**Source material**
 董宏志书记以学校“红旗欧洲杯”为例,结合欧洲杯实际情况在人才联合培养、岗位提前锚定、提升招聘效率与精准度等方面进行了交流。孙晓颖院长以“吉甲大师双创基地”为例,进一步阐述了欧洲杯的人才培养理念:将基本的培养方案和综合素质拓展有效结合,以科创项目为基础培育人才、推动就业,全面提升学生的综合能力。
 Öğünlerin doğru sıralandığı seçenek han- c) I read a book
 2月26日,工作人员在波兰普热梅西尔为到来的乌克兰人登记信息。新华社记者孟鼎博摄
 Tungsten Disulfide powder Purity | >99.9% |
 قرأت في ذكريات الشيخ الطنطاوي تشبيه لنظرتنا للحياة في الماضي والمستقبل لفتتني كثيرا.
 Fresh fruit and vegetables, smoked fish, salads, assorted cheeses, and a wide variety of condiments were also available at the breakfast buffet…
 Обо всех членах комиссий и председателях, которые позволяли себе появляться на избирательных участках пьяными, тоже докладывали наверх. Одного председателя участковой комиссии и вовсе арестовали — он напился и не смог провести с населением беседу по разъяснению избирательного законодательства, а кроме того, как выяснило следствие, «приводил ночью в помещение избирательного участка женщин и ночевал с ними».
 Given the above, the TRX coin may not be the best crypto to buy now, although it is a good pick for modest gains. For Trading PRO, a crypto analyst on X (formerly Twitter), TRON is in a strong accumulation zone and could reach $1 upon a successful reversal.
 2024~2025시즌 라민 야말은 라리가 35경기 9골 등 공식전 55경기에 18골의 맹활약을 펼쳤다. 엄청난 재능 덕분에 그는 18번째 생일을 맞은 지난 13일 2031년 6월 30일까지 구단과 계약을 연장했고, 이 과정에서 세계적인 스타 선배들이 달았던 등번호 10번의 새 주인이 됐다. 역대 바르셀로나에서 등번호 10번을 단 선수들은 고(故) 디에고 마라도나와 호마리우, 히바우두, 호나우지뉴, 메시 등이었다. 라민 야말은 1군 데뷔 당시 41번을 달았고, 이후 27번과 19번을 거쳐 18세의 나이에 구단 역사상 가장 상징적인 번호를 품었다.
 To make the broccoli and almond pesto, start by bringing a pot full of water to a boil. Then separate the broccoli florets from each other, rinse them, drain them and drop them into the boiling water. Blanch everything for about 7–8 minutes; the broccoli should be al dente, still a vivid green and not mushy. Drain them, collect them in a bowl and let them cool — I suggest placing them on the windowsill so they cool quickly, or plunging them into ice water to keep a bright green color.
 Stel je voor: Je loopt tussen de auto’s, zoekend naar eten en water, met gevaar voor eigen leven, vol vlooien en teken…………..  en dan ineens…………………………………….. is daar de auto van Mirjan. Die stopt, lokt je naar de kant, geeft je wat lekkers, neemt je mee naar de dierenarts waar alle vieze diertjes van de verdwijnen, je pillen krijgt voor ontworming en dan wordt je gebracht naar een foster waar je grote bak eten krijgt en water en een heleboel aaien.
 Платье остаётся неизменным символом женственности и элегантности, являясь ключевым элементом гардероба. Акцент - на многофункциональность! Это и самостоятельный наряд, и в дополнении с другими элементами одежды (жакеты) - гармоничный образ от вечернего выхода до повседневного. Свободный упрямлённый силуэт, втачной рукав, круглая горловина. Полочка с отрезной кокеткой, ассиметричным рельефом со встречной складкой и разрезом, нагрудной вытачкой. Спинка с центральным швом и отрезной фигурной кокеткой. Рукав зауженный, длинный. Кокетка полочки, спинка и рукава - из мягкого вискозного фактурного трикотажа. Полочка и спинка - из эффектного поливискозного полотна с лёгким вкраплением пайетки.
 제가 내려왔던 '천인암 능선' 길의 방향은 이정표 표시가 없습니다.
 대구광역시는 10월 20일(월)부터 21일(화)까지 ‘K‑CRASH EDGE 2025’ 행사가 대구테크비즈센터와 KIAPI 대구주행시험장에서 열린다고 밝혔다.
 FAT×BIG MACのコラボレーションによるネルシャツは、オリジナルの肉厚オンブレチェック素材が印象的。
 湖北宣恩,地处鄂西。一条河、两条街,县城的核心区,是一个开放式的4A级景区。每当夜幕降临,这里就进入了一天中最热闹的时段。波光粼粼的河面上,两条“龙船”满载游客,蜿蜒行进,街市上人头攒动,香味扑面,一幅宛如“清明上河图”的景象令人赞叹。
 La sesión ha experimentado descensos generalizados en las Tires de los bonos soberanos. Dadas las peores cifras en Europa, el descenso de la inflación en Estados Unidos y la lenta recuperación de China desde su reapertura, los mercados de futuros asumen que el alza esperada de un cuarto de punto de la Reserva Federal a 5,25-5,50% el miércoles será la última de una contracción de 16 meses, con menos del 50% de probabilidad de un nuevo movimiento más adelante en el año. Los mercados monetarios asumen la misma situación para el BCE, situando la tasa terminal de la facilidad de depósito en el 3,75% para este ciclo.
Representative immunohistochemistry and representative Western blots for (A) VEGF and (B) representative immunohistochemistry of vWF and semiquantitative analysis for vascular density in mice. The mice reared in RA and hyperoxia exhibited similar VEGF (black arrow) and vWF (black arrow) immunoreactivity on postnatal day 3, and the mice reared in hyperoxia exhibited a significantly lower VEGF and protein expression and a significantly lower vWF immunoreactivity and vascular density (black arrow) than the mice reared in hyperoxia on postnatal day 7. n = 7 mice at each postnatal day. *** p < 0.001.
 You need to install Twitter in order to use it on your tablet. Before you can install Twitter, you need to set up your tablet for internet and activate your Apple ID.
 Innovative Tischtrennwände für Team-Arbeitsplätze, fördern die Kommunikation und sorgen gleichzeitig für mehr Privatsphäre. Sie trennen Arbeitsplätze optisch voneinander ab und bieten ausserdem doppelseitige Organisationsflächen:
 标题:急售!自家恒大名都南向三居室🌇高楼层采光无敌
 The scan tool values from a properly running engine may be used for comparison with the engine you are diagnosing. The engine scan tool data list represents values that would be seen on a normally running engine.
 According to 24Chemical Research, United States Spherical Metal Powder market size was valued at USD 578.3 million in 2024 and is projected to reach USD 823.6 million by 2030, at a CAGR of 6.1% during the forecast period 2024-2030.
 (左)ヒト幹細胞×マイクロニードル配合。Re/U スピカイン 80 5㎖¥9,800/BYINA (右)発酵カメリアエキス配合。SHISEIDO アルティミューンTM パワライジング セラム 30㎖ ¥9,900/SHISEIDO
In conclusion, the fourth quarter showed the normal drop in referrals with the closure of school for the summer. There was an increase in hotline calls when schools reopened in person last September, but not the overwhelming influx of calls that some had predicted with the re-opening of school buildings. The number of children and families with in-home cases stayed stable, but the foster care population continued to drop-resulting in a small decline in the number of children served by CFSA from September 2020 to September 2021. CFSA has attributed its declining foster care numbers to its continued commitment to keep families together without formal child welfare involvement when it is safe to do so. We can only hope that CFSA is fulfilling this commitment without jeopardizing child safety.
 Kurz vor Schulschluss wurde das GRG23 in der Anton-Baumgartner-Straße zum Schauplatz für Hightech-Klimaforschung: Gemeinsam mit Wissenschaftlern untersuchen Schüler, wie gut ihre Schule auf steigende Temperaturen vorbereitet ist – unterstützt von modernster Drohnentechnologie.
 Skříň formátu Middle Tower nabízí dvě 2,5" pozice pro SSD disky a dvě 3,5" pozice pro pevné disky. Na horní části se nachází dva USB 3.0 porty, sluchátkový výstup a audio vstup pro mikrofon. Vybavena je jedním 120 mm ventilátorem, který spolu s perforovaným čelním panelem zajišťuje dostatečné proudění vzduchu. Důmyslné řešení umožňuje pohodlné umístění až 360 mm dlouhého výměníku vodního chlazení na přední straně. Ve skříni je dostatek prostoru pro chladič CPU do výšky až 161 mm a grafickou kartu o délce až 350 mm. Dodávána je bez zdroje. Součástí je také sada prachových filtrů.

**Brief**
Looking at the records above, how many lines contain "Twitter"? Answer with the number alone.

**Output of the exercise**
2